- _What you will do_
Write out the data exactly, please, and omit the pictures.
*** Opening of Data for the task ***
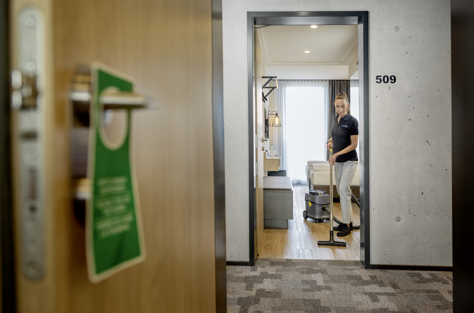 Ideal für Hotels, Restaurants, Einzelhändler und Gebäudereiniger. Der Akku-Staubsauger T 15/1 Bp von Kärcher überzeugt durch Nachhaltigkeit, Langlebigkeit und ein attraktives Preis-Leistungs-Verhältnis. Er zeichnet sich durch seine Robustheit, seine Zubehörausstattung und seine hervorragende Saugleistung dank der leistungsstarken Kärcher Battery Power+ Akkus (36 V) aus. Der Anteil von 45 % Recyclingmaterial* in der Herstellung schont Ressourcen und reduziert den Energiebedarf. Der leistungsstarke T 15/1 Bp zeichnet sich durch einen niedrigen Geräuschpegel von nur 57 dB(A) aus und kann daher jederzeit auch an lärmempfindlichen Orten eingesetzt werden. Der kompakte Staubsauger ist wendig und hat ein Fassungsvermögen von 15 Litern. Er ist mit einem ergonomischen Tragegriff ausgestattet und lässt sich einfach und mühelos nah am Körper transportieren. Außerdem ist er äußerst robust, mit einem Zubehörfach, Stoßfängern und großen Rädern ausgestattet. Ein hocheffizienter HEPA-14-Filter ist ebenfalls erhältlich. Bitte beachten Sie bei der Bestellung, dass der Akku und das kompatible Schnellladegerät separat bestellt werden müssen.
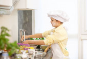 Zdjęcie "Little cute boy przebrany za kucharza w kuchni" może być wykorzystywane do celów osobistych i komercyjnych zgodnie z warunkami zakupionej licencji Royalty-free. Obraz jest dostępny do pobrania w jakości wysokiej rozdzielczości do 5760x3840.
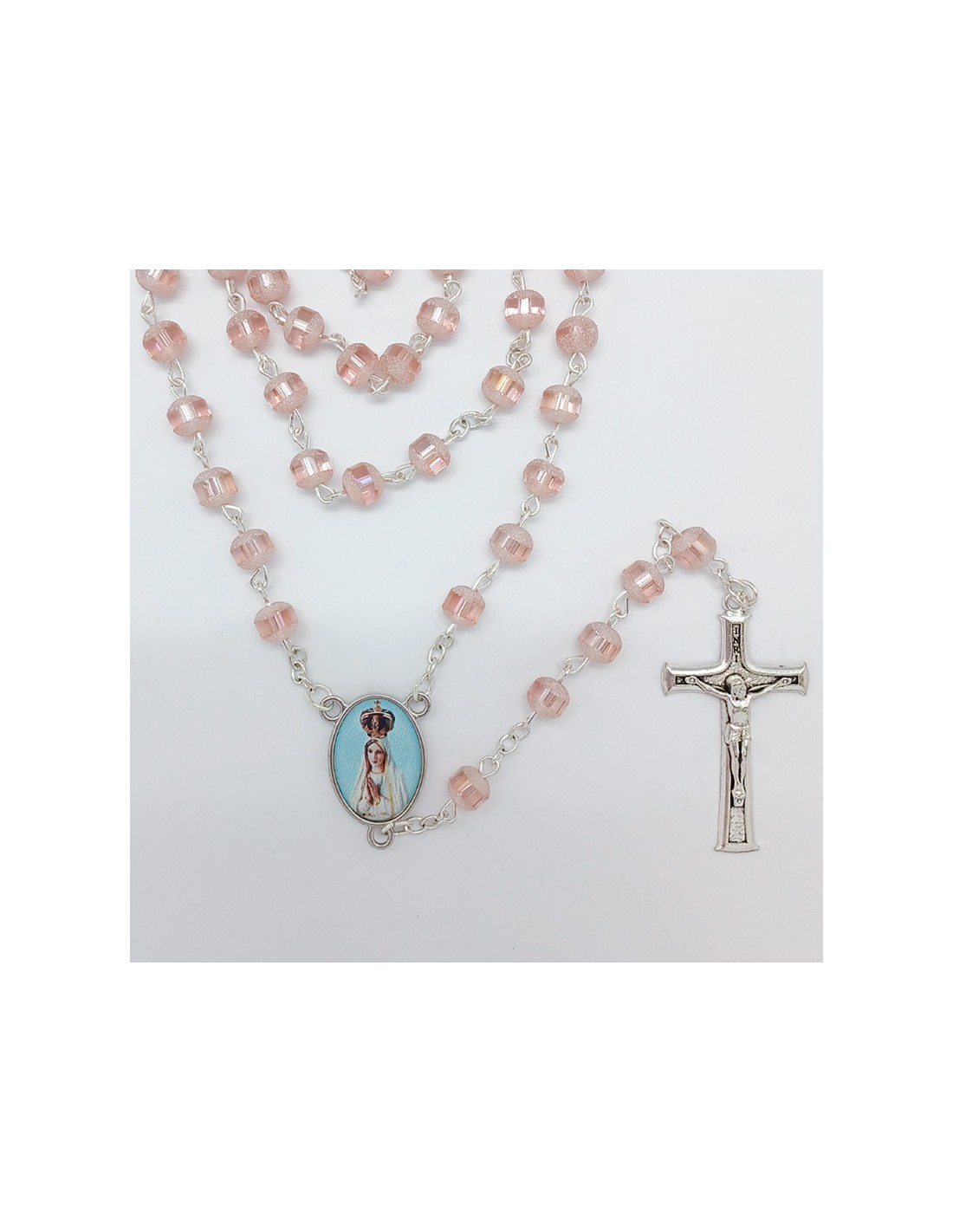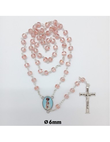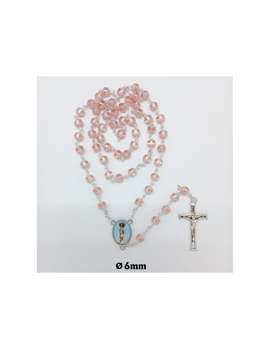 Rosario Cristal 6mm rosa achatado opaco con linea central lisa
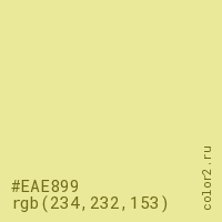 Цвет #EAE899 в цветовой модели RGB обозначается тремя октетами (234, 232, 153) в десятичном формате и #EAE899 в шестнадцатиричном (hex) формате, которые являются интенсивностью красного 234 (hex EA), интенсивность зелёного 232 (hex E8) и интенсивность синего 153 (hex 99).
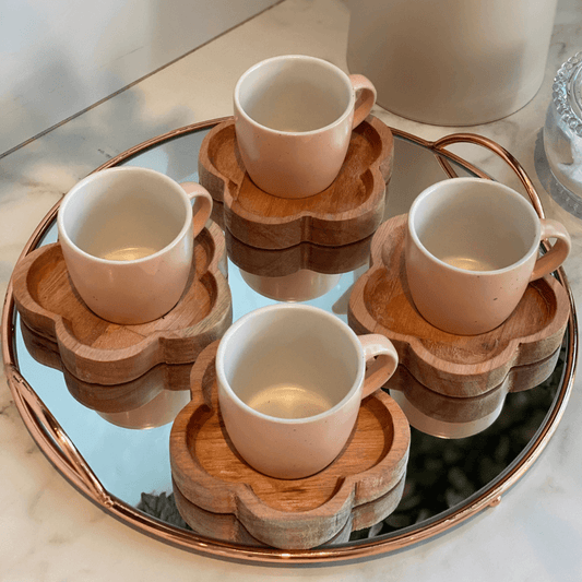 Jogo 4 Canecas com Pires de Madeira Salmon Liptus 115ml
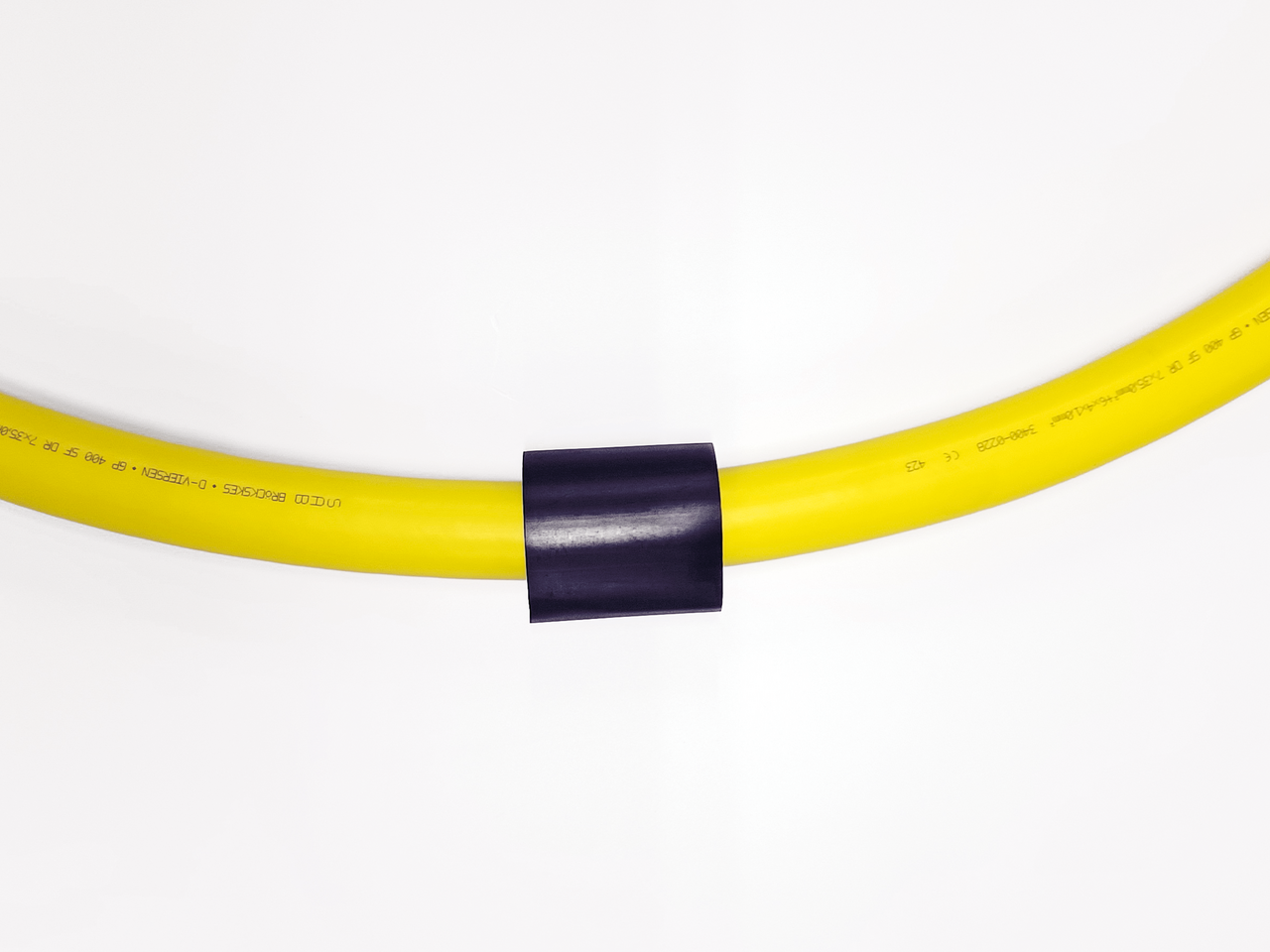 Wenn das Kabel bereits mit einem Gerät verbunden ist, bringen Sie an der vorgesehenen Position ein selbstverschließendes Klebeband oder ein geeignetes Isolierband auf. Ansonsten montieren Sie den beigefügten Wärmeschrumpfschlauch.
*** Close of Data for the task ***
- _Output of the exercise_
 Ideal für Hotels, Restaurants, Einzelhändler und Gebäudereiniger. Der Akku-Staubsauger T 15/1 Bp von Kärcher überzeugt durch Nachhaltigkeit, Langlebigkeit und ein attraktives Preis-Leistungs-Verhältnis. Er zeichnet sich durch seine Robustheit, seine Zubehörausstattung und seine hervorragende Saugleistung dank der leistungsstarken Kärcher Battery Power+ Akkus (36 V) aus. Der Anteil von 45 % Recyclingmaterial* in der Herstellung schont Ressourcen und reduziert den Energiebedarf. Der leistungsstarke T 15/1 Bp zeichnet sich durch einen niedrigen Geräuschpegel von nur 57 dB(A) aus und kann daher jederzeit auch an lärmempfindlichen Orten eingesetzt werden. Der kompakte Staubsauger ist wendig und hat ein Fassungsvermögen von 15 Litern. Er ist mit einem ergonomischen Tragegriff ausgestattet und lässt sich einfach und mühelos nah am Körper transportieren. Außerdem ist er äußerst robust, mit einem Zubehörfach, Stoßfängern und großen Rädern ausgestattet. Ein hocheffizienter HEPA-14-Filter ist ebenfalls erhältlich. Bitte beachten Sie bei der Bestellung, dass der Akku und das kompatible Schnellladegerät separat bestellt werden müssen.
 Zdjęcie "Little cute boy przebrany za kucharza w kuchni" może być wykorzystywane do celów osobistych i komercyjnych zgodnie z warunkami zakupionej licencji Royalty-free. Obraz jest dostępny do pobrania w jakości wysokiej rozdzielczości do 5760x3840.
 Rosario Cristal 6mm rosa achatado opaco con linea central lisa
 Цвет #EAE899 в цветовой модели RGB обозначается тремя октетами (234, 232, 153) в десятичном формате и #EAE899 в шестнадцатиричном (hex) формате, которые являются интенсивностью красного 234 (hex EA), интенсивность зелёного 232 (hex E8) и интенсивность синего 153 (hex 99).
 Jogo 4 Canecas com Pires de Madeira Salmon Liptus 115ml
 Wenn das Kabel bereits mit einem Gerät verbunden ist, bringen Sie an der vorgesehenen Position ein selbstverschließendes Klebeband oder ein geeignetes Isolierband auf. Ansonsten montieren Sie den beigefügten Wärmeschrumpfschlauch.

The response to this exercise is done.